The Problem with Jesus

24 03 2014
 And He said to them, “Go into all the world and preach the gospel to every creature.” Mark 16:15

I have been in full-time ministry for 33 years, mostly as a solo pastor. I have seen a marked difference in evangelism. Within the church we have not felt safe going door-to-door to spread the gospel, nor do those on the other side of the door feel safe in opening it. We have resorted to putting our efforts into what is now called “outreach”. This method  attracts the lost to an event or perhaps integrates itself into an event in which the lost participates. I like outreach and actively participate in it.

Once we get the opportunity to present the gospel, I see another difference, and this one comes from the attitude of the lost. Many do not want to hear it because they have already accepted a Jesus who fits into their opinion and lifestyle. There is also an attitude of cynicism toward those who present the gospel, augmented by the dawning of the internet. In spite of the antagonism and stereotypes, we still have a great commission to reach the world with the gospel. This blog excerpt will help us to think through one of evangelism’s roadblocks.

by Carl Laferton

The Problem with Jesus

When it comes to outreach, we have a problem with Jesus.

Not a problem with who Jesus is, of course. Jesus is the answer to all our deepest questions and longings.
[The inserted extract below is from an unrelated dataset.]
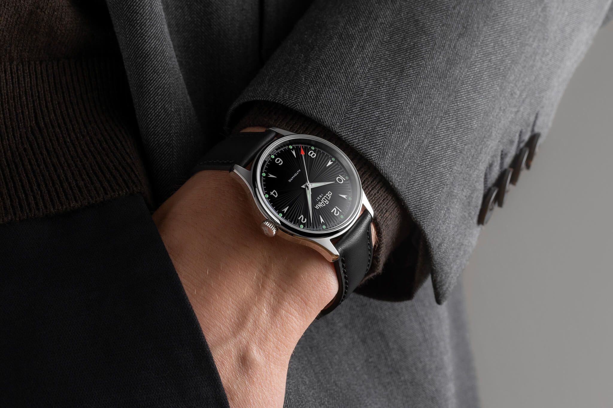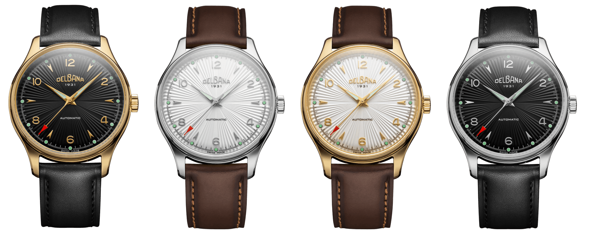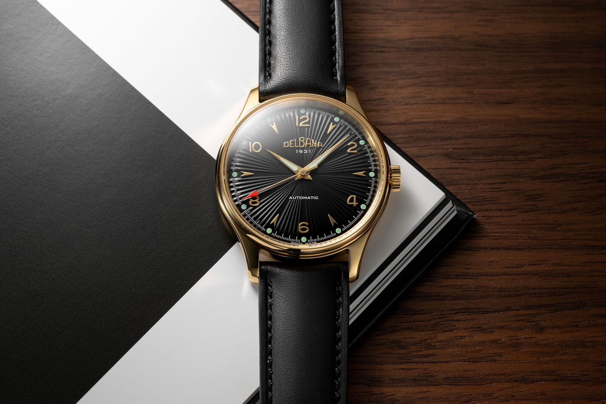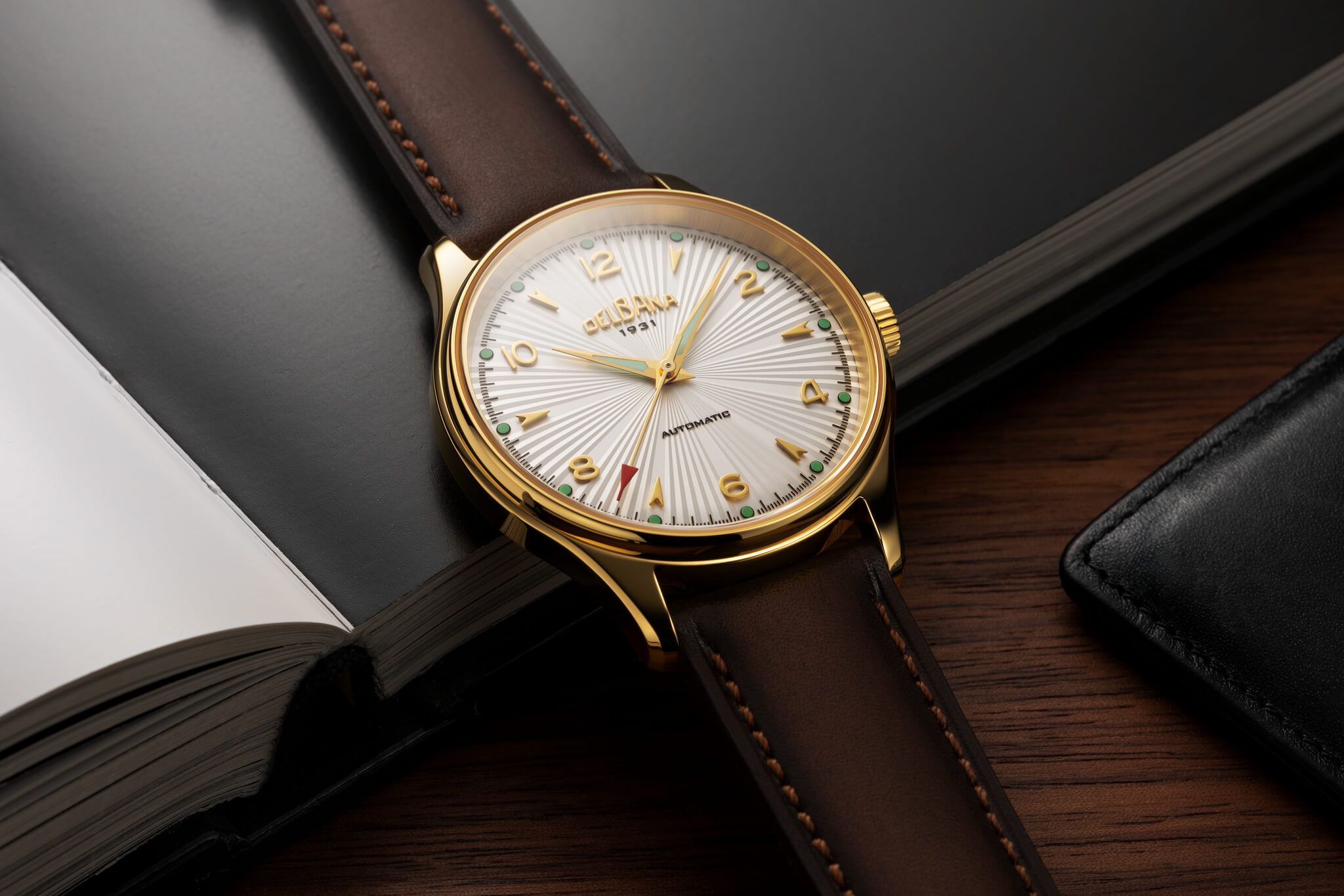 Para esta nueva esfera, los diseñadores de Delbana han optado por un patrón guilloché radial, que aporta una gran sensación de profundidad y un atractivo juego de reflejos. Además, han incorporado índices aplicados en forma de flecha y números arábigos, un detalle que personalmente me encanta.
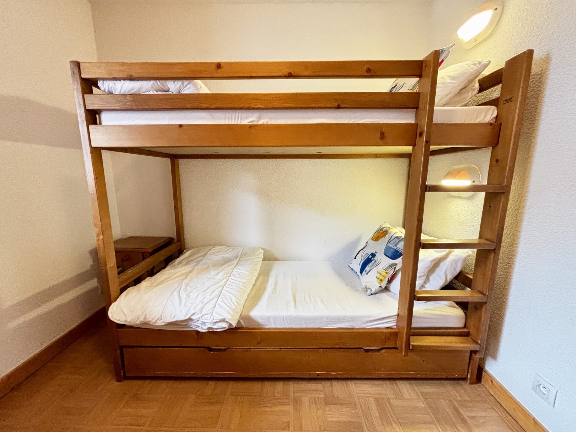 Une premiere chambre composee d'un lit superpose 2*90 cm + un lit tiroir 1*90 cm

He is the compassionate one the broken search for, the forgiving one the flawed need, the strong one the weak can cry to, the challenging one the self-righteous require.

In evangelism, as in all ministry, if we’re not talking about Jesus, we’re missing the point and we’re missing the power.

Post-Christian Christ

We speak into an increasingly post-Christian society. That means that Jesus isn’t foreign; he’s domesticated. He’s a somebody, not a nobody — and you can take your pick about which somebody he is. There’s a whole smorgasbord of cultural “Christs,” and you just select the “Jesus” who best fits your mindset and lifestyle, and run with him. If ever you need to trade him in for a different version, that’s fine.

So you want a good teacher whose advice you can accept or ignore? Welcome, Good Teacher Jesus.

You’re after a freedom fighter with a blank placard onto which you can write your own slogan (violent revolution or lower taxes or more defense spending or no war)? You’ll love Freedom Fighter Jesus.

You’d like to reject Jesus as out-of-date and bigoted, and get on with living how you like? You need Intolerant Judge Jesus.

The one Jesus our culture doesn’t offer, and can’t stomach, is Original Jesus — the one who can’t be changed, but who calls us to change instead.

And that’s why we have a problem with Jesus in evangelism.

As soon as you say “Jesus,” people hear “Intolerant Judge,” “Children’s Story,” “Distant God,” and so on. And then they hear whatever you say next — your explanation of the wonder of the cross, or the joy of the empty tomb, or the reality of judgment — within that false category they have of Jesus. Therefore, the gospel makes little sense and does not sound attractive, even though it’s the only thing that makes total sense and is infinitely wonderful! In a conversation where two people talk about Jesus, they are, in fact, often talking about two different people.

Making the Connection

What does this mean for our witness? First, we need to accept that the way we witness (though not its content) must change as society does. So we need to take the time to ask questions and listen well to people, so we know what image comes into their head when they hear “Jesus.”

Then, we can connect their pale imitation Jesus with the full, technicolor high-definition glory of the Lord Jesus. Not by showing them how wrong they are, but by connecting with their image in one of two ways:

Jesus is better than you thought. “Yes, Jesus is a good teacher. But look, he’s a good teacher who can calm a storm. So he can’t be just a good teacher — he’s God, teaching. That puts Jesus in a whole new, more exciting, category, right?”

What you think of Jesus is better than you think. “Yes, Jesus is an intolerant judge. He’s very intolerant of evil — aren’t you? And he will judge evildoers — and deep down I think you would like him to. Actually, it’s good news that Jesus is an intolerant judge. But it’s troubling news too . . .”

Meet Jesus, The Original

So when it comes to evangelism, we do have a problem with Jesus. But we also have a wonderful opportunity. In every way, the Jesus of history and of heaven is more genuine, and brings more joy, than the domesticated fake Christs of our culture. It’s our privilege to be able to say to someone, “Let me tell you about my Jesus. He’s more compassionate, more controversial, more compelling than you ever imagined. And he’s real. Wouldn’t you love to know him?”